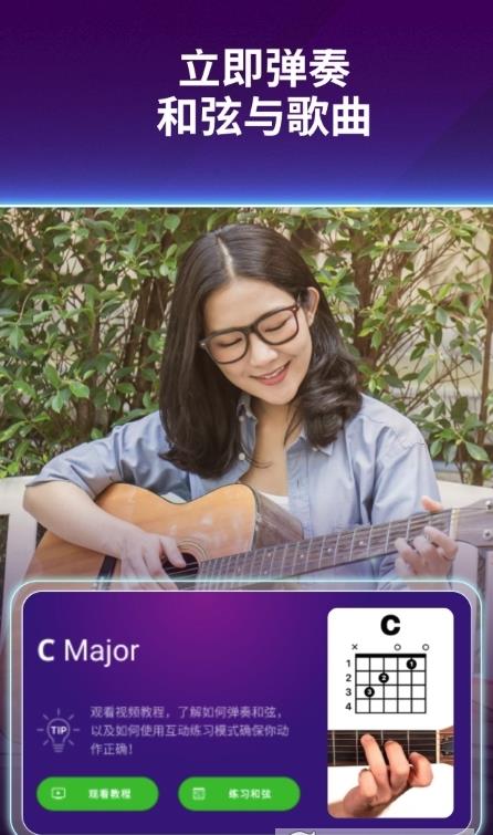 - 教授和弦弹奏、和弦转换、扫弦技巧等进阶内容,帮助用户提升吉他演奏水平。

• • • • •

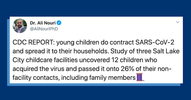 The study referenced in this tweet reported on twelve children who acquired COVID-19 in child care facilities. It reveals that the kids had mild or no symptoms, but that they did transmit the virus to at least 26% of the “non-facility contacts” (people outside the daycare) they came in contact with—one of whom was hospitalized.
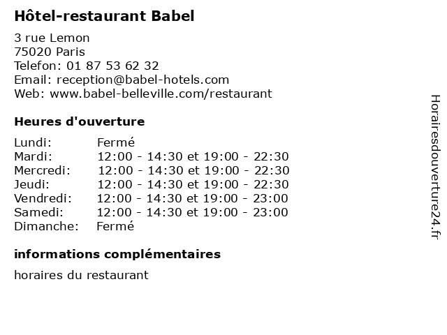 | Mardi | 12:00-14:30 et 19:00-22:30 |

• • • • •

- **Directions**
In the data above, find the line containing "The study referenced" and the line containing "et 19:00-22:30 |". Repeat those two lines and everything between them exactly, minus the pictures.

- **Answer area**
 The study referenced in this tweet reported on twelve children who acquired COVID-19 in child care facilities. It reveals that the kids had mild or no symptoms, but that they did transmit the virus to at least 26% of the “non-facility contacts” (people outside the daycare) they came in contact with—one of whom was hospitalized.
 | Mardi | 12:00-14:30 et 19:00-22:30 |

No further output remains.